Missing data in APM Dashboards in Kibana

Elastic Search Version: 7.4.0
APM Server Version: 7.4.0
APM Client Version: APM Java Agent: 1.14 (current)
APM Agent language and version: Java 1.8

@felixbarny

I often to notice missing data in APM Dashboards such as "Time spent by span type", "Transaction duration request per minute" and other metrics dashboards.

I do not see any issue in the logs of APM agent or APM server or in Logstash. Stack monitoring also looks good.

Is there any possibility of data(span, transaction, metrics) lose in java APM agent? I do not see any debug message for ring buffer full and looks like no issue with ring buffer size. I am using default reporting interval(metrics_interval and api_request_time). Do i need to adjust the reporting interval to report more frequently than the default configuration?

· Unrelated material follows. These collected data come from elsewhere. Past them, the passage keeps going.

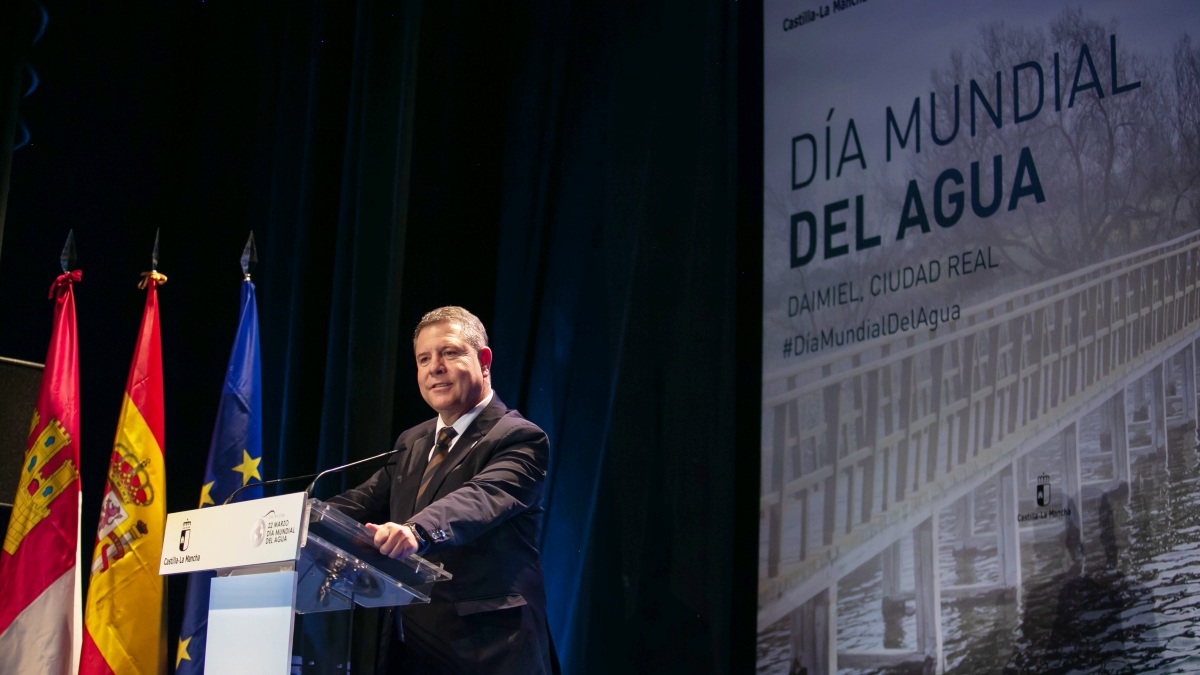 El presidente autonómico ha hecho estas declaraciones en el acto institucional del Día Mundial del Agua que, bajo el lema ´Cada gota cuenta, preserva la vida´, ha servido para reconocer la aportación de personas, entidades y empresas de Castilla-La Mancha a la promoción y protección de este imprescindible recurso natural. En este marco, Emiliano García-Page ha insistido en que “más allá de considerar el agua como un recurso material, como una materia prima, es un elemento esencial, física y espiritualmente, de la condición humana”.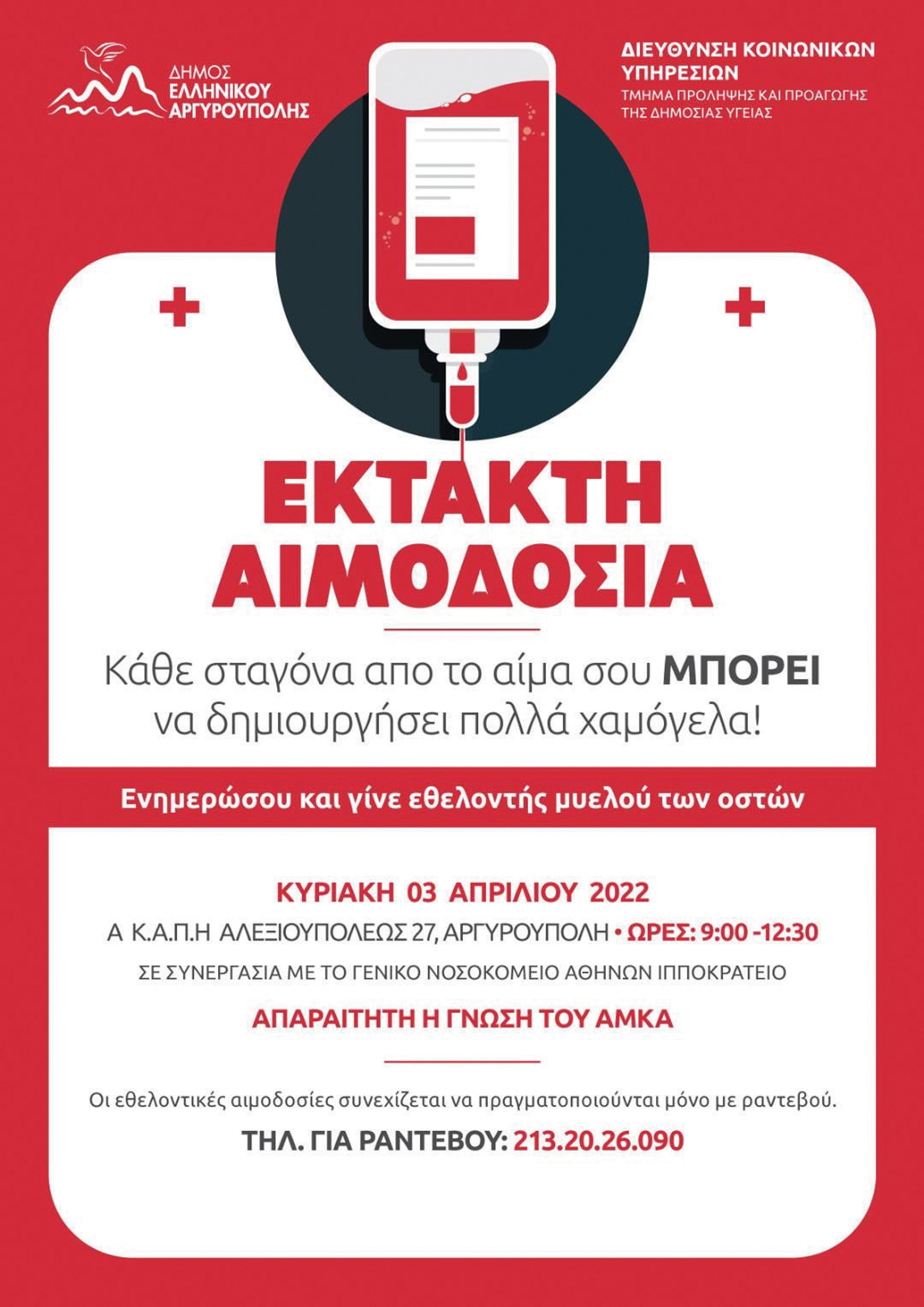 O Δήμος Ελληνικού-Αργυρούπολης ανακοινώνει τον προγραμματισμό μίας ακόμη έκτακτης αιμοδοσίας αφού η αιμοδοσία στις μέρες μας, είναι πιο απαραίτητη από ποτέ καθώς μία από τις συνέπειες της πανδημίας είναι και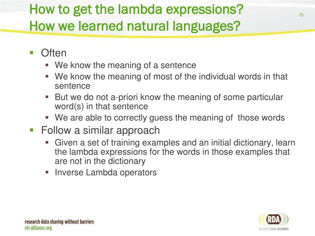 How to get the lambda expressions? How we learned natural languages? • Often • We know the meaning of a sentence • We know the meaning of most of the individual words in that sentence • But we do not a-priori know the meaning of some particular word(s) in that sentence • We are able to correctly guess the meaning of those words • Follow a similar approach • Given a set of training examples and an initial dictionary, learn the lambda expressions for the words in those examples that are not in the dictionary • Inverse Lambda operators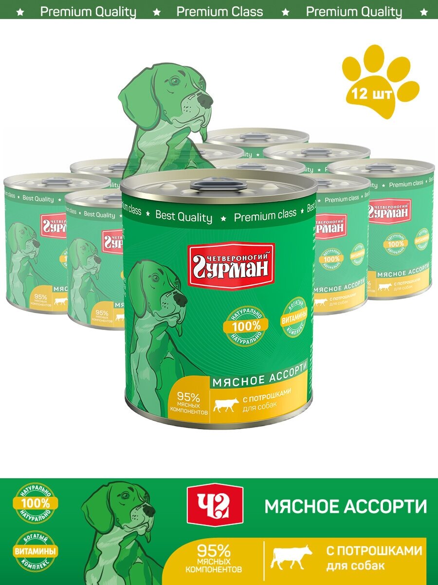 Влажный корм Четвероногий гурман Мясное ассорти для взрослых собак потрошка 340г (103109010)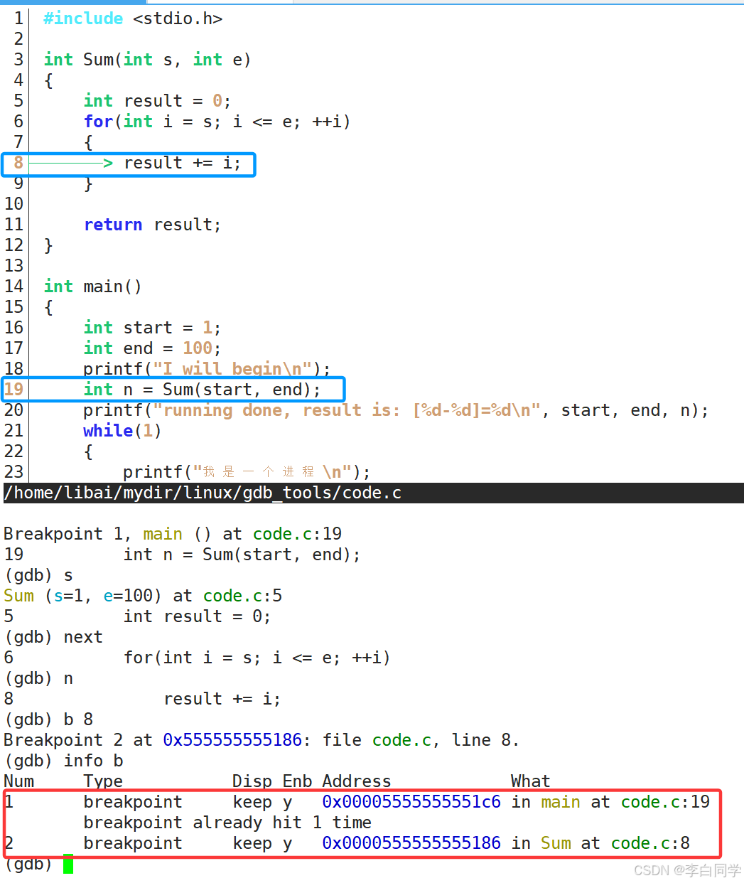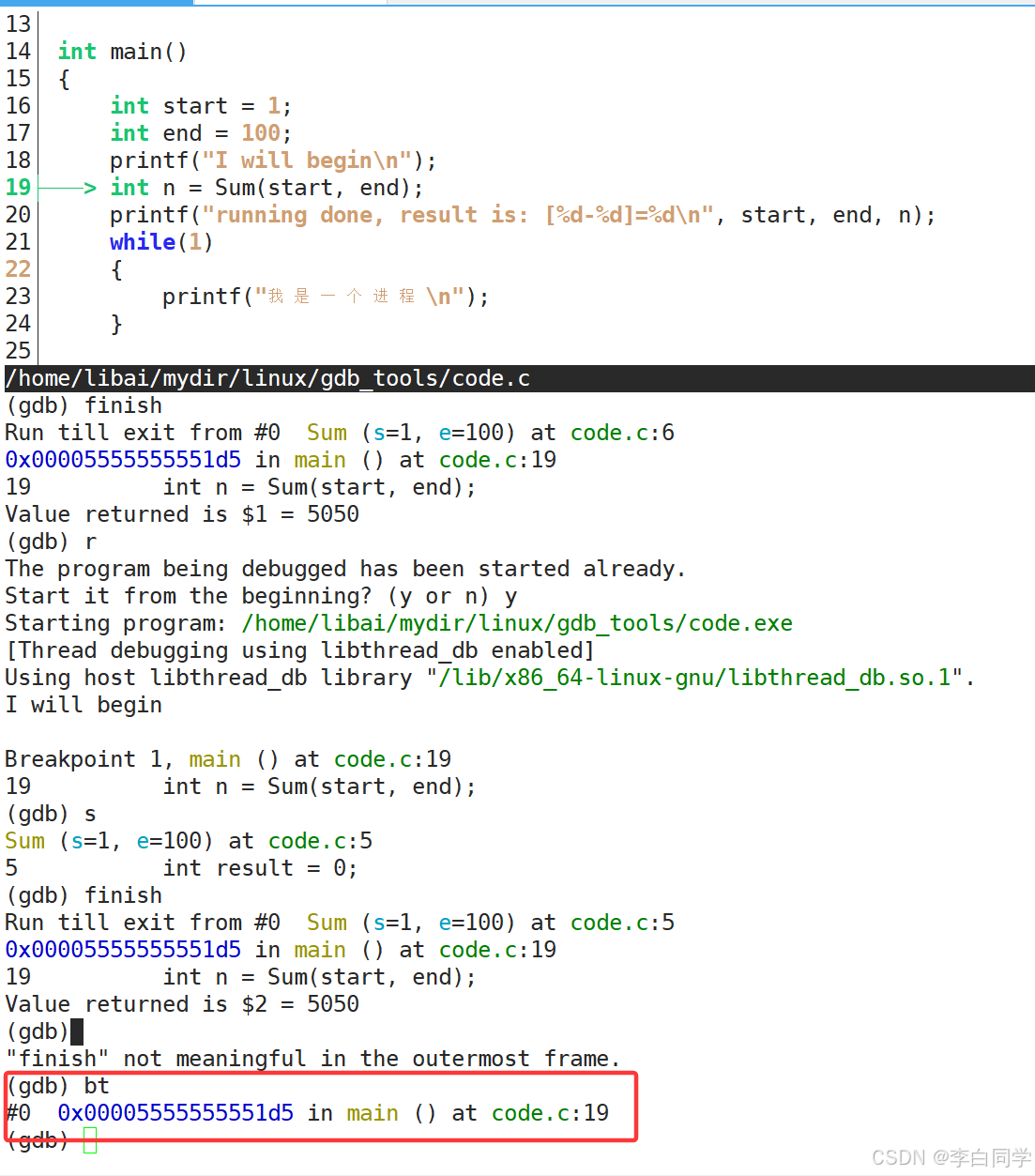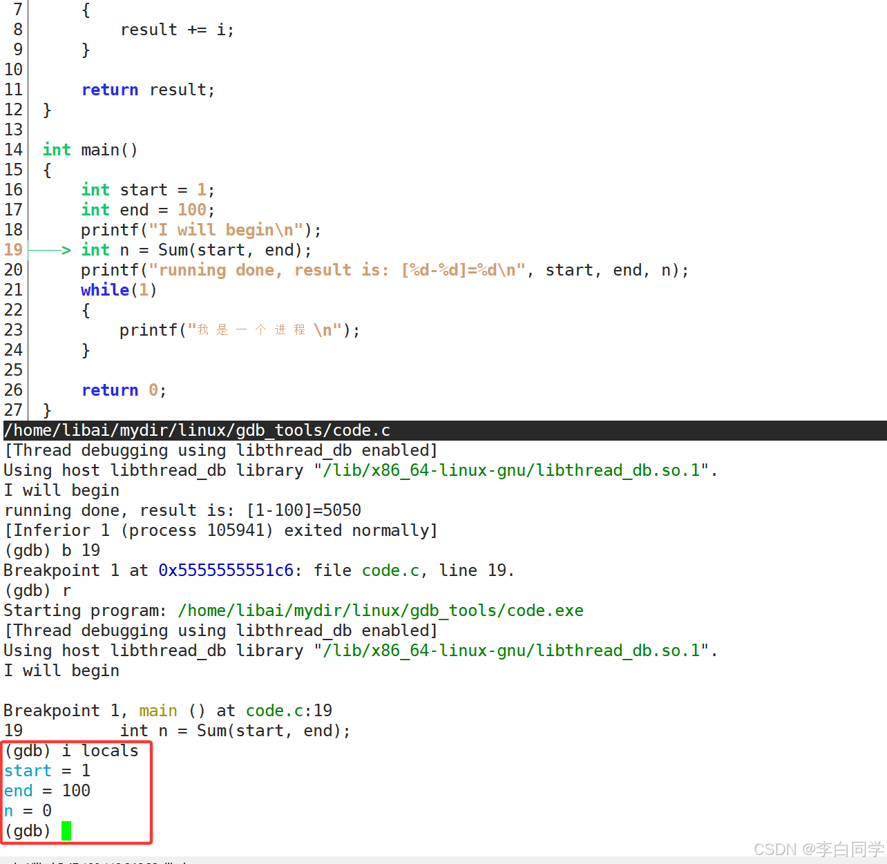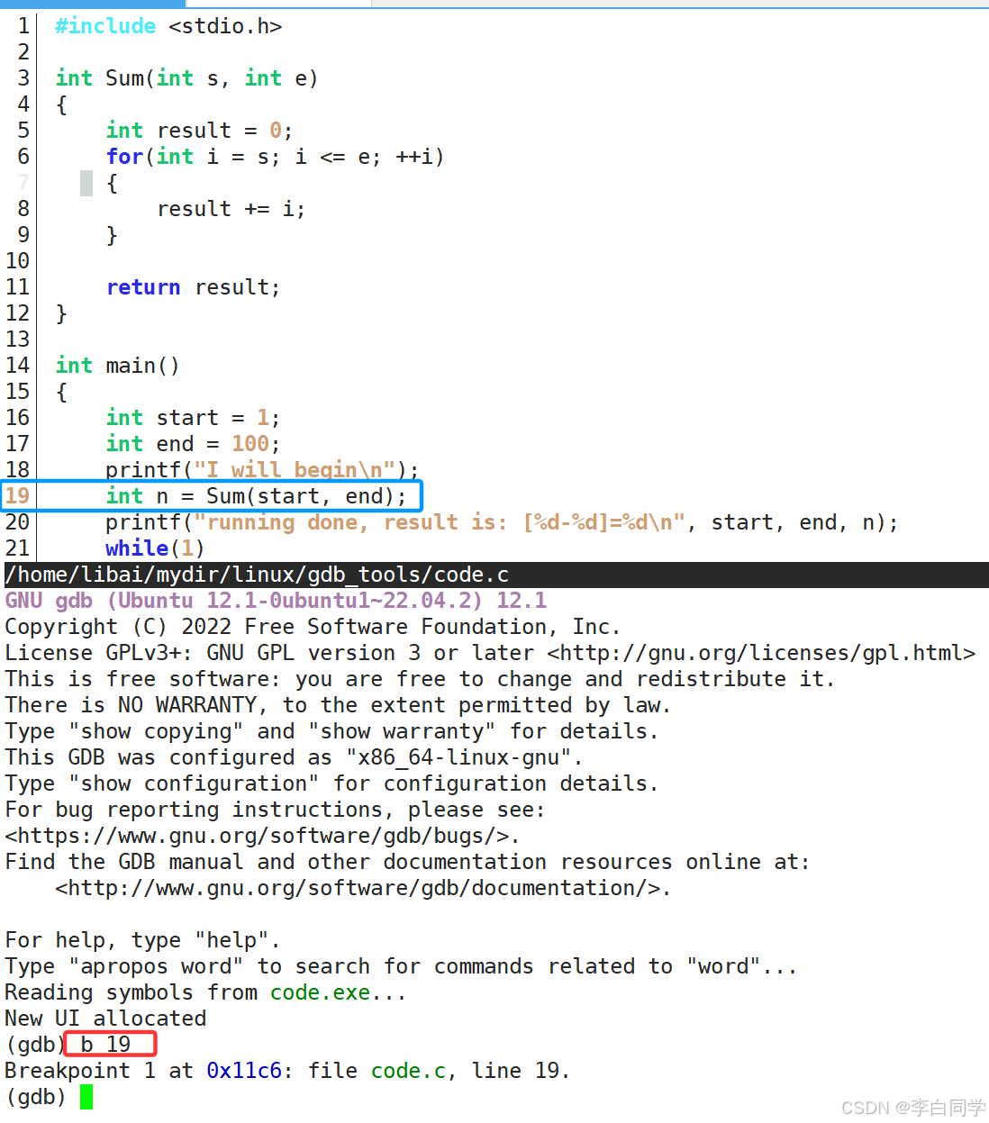 ~/mydir/linux/gdb_tools$ gcc -o code.exe code.c -g # debug 版本,支持调试

Or is it something to be done with Kibana dashboarding logic(bucket interval?)


Update: I changed the reporting interval configuration to report the span, transaction, errors and metrics more often, now the data in Kibana APM dashboards looks fine without gaps(missing values).

@felixbarny Can you please help me to understand the logic for this behavior?

Hey :wave:
We introduced a circuit breaker in 1.14.0, sounds like it may be related. Did you enable it?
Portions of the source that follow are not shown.